The SEC’s Division of Corporation Finance has issued updated disclosure guidance (https://www.sec.gov/news/press-release/2020-73) providing the SEC staff’s current views regarding disclosure and other securities law obligations that companies should consider with respect to COVID-19 and related business and market disruptions. The guidance again reminds companies that where a company has become aware of a risk related to the Coronavirus that would be material to its investors, it should refrain from engaging in securities transactions with the public and discourage directors and officers (and other corporate insiders who are aware of these matters) from initiating such transactions until investors have been appropriately informed about the risk. To the extent the company or insiders are engaged in transactions, or circumstances otherwise warrant it, the company should consider what disclosures are required in order to inform the public of its financial condition.
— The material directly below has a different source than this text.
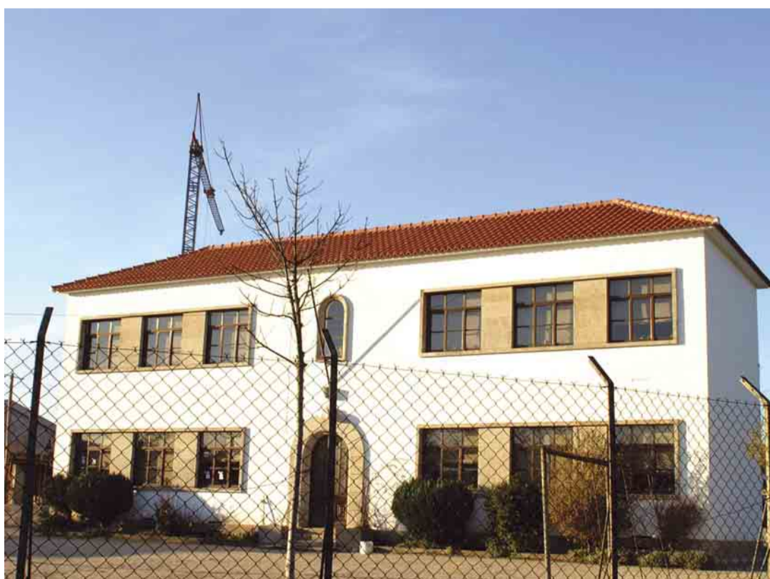
BAIRRO Beneficiação da Escola Básica da Igreja

When companies do disclose material information related to the impacts of the Coronavirus, they are reminded to take the necessary steps to avoid selective disclosures and to disseminate such information broadly. Depending on a company’s particular circumstances, it should consider whether it may need to revisit, refresh, or update previous disclosure to the extent that the information becomes materially inaccurate. Companies providing forward-looking information in an effort to keep investors informed about material developments, including known trends or uncertainties regarding the Coronavirus, can take steps to avail themselves of the normal safe harbor for this information.
Among the areas the guidance discusses for companies to consider are the impact of Coronavirus on:
- financial condition and results of operations, plus future operating results and near-and-long-term financial condition;
- capital and financial resources, including overall liquidity position and outlook (and if a material liquidity deficiency has been identified, what course of action the company has taken or proposes to take to remedy the deficiency);
- cost of or access to capital and funding sources, such as revolving credit facilities or other sources, and access to cash;
- material uncertainty about the ongoing ability to meet the covenants of credit agreements;
- the ability to service debt or other financial obligations, access the debt markets, including commercial paper or other short-term financing arrangements, maturity mismatches between borrowing sources and the assets funded by those sources, changes in terms requested by counterparties, changes in the valuation of collateral, and counterparty or customer risk;
- expected incurrence of any material COVID-19-related contingencies, impairments, increases in allowances for credit losses, restructuring charges, other expenses, or changes in accounting judgments that have had or are reasonably likely to have a material impact on the company’s financial statements;
- the ability to maintain operations, including financial reporting systems, internal control over financial reporting and disclosure controls and procedures, and any changes in controls that occurred during the current period that materially affect or are reasonably likely to materially affect the company’s internal control over financial reporting;
- implementing business continuity plans or required material expenditures to do so;
- demand for products or services;
- supply chain or the methods used to distribute products or services;
- human capital resources and productivity; and
- the ability to operate and achieve business goals due to travel restrictions and border closures.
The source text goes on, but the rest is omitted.